Set eta = (cos( alpha ) / c, sin( alpha ) / c). Let's call these coordinates (u, v).
Set phi to be perpendicular to eta and of the same length; a good choice (one of two) is
phi = (-v, u).
Here is an example. Suppose the cellsize is c = 30. Let the grid origin be randomly set to O = (13.2, 29.1) and suppose you don't want to rotate the grid, so you fix alpha = 0. Then
eta = (1/30, 0). so phi = (0, 1/30).
The upper map shows contours of eta (specifically, contours of z = eta(x,y) = x/30). The lower map shows contours of phi (specifically, contours of z = phi(x,y) = y/30). This illustrates how one of the covectors determines the columns and the other covector determines the rows of a grid.
From these you compute
x0 = eta( O ) = 1/30 * 13.2 + 0 * 29.1 = 13.2/30;
y0 = phi( O ) = 0 * 13.2 + 1/30 * 29.1 = 29.1/30.
Consider a point P = (400000, 3543220) (which could be in UTM coordinates for instance). Its cell is indexed by
i = Floor(1/30 * 400000 + 0 * 3543220 - 13.2/30) = 13332 and
j = Floor(0 * 400000 + 1/30 * 3543220 - 29.1/30) = 118106.
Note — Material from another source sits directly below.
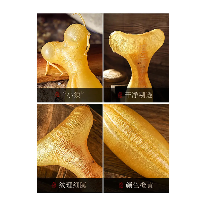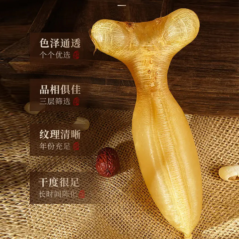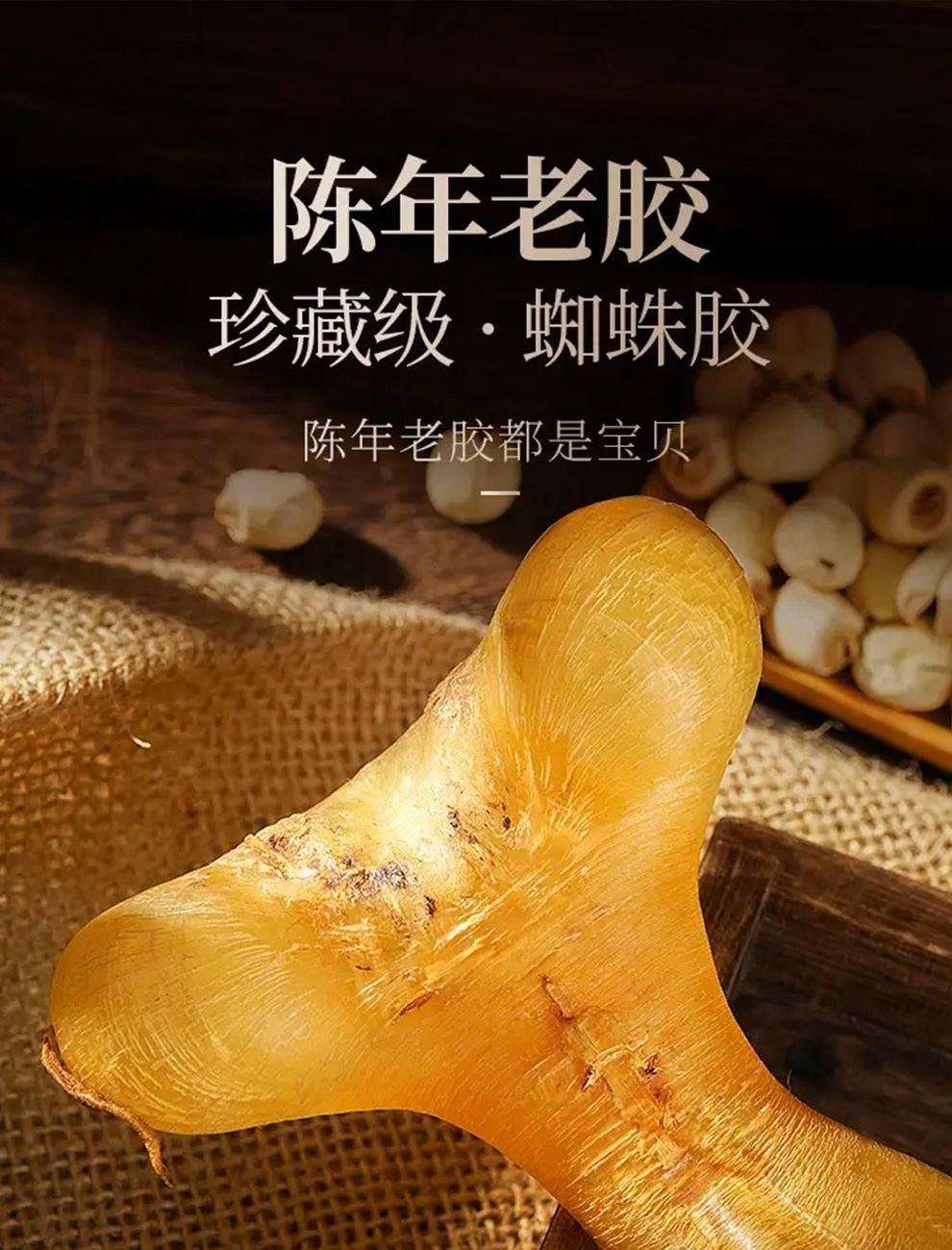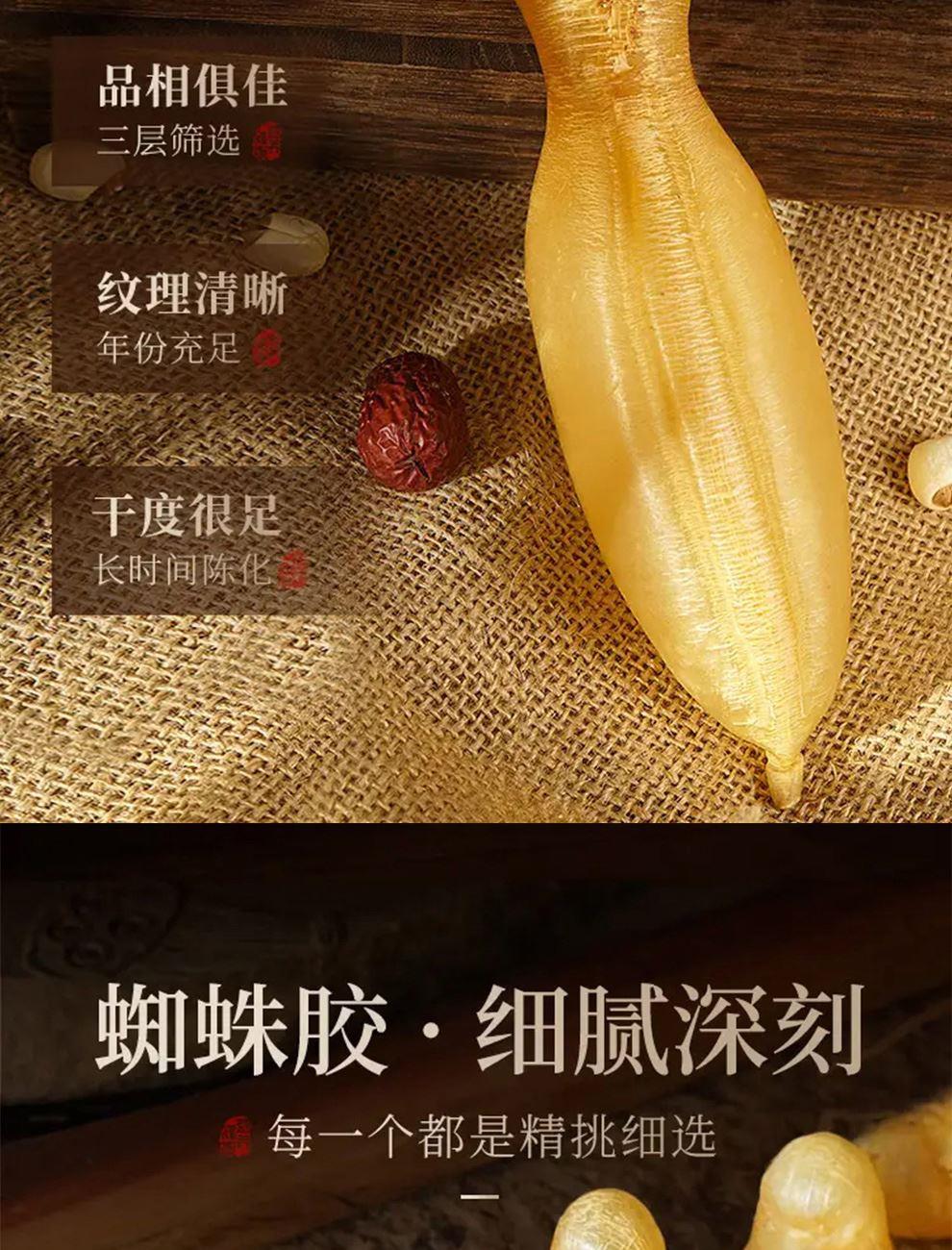 - 品質(zhì)提升:長(zhǎng)時(shí)間的存放使魚(yú)膠的質(zhì)地更加細(xì)膩,腥味也會(huì)隨著時(shí)間而減弱。經(jīng)過(guò)多年陳化后,蜘蛛膠的口感會(huì)更加醇厚、軟滑,在烹飪過(guò)程中能夠更好地吸收湯汁的味道,使其風(fēng)味更加濃郁。

You could create a single key out of this pair by concatenating them with a delimiter, such as ",", producing the string "13333,118106".
The point P is white. The grid is obtained by overlaying the first two maps transparently: together, the contours of the two covectors describe the cells of the grid. Changing the grid merely requires changing its origin O and/or the basis covectors eta and phi, then recalculating the rows and columns of each point P.
Raster solution
The idea is the same as the vector solution, but you exploit the raster capabilities of the GIS. This makes rotation difficult, but you can arbitrarily change the origin in ArcGIS simply by changing the "Analysis Environment" for Spatial Analyst.
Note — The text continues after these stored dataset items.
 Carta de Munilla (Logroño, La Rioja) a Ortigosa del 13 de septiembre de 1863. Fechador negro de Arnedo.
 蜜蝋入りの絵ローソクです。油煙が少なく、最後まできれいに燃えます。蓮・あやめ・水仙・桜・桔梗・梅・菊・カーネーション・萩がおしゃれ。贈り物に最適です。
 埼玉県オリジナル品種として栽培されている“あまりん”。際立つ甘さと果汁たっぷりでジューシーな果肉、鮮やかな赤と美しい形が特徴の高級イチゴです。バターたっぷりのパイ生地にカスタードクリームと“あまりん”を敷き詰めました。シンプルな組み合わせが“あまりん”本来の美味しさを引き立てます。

There are problems, though. What you would like to do in each iteration is
Convert the point data to a grid (having 0/1 values in the cells).
Perform an "aggregate" operation to summarize the values by groups of cells.
In (1), you need to use a cellsize so small that no two points end up in the same cell. This restriction is severe if there are clusters of points, but it is forced on us by ArcGIS limitations. If you use a cellsize that is an integral fraction of the aggregate size--such as 3 m when 30 m is needed for the aggregation--then everything will work out beautifully.
Comments
When the points are densely spaced throughout the grid extent but do not get very close to each other, the raster solution can be faster than the vector one. However, in general the vector solution will be more flexible (you can rotate the grids and there's no problem with coincident points), even though it may be a little slower in execution. The calculations are readily scripted in ArcGIS or in R. (It may be preferable to stay within ArcGIS if you're already set up to do that.)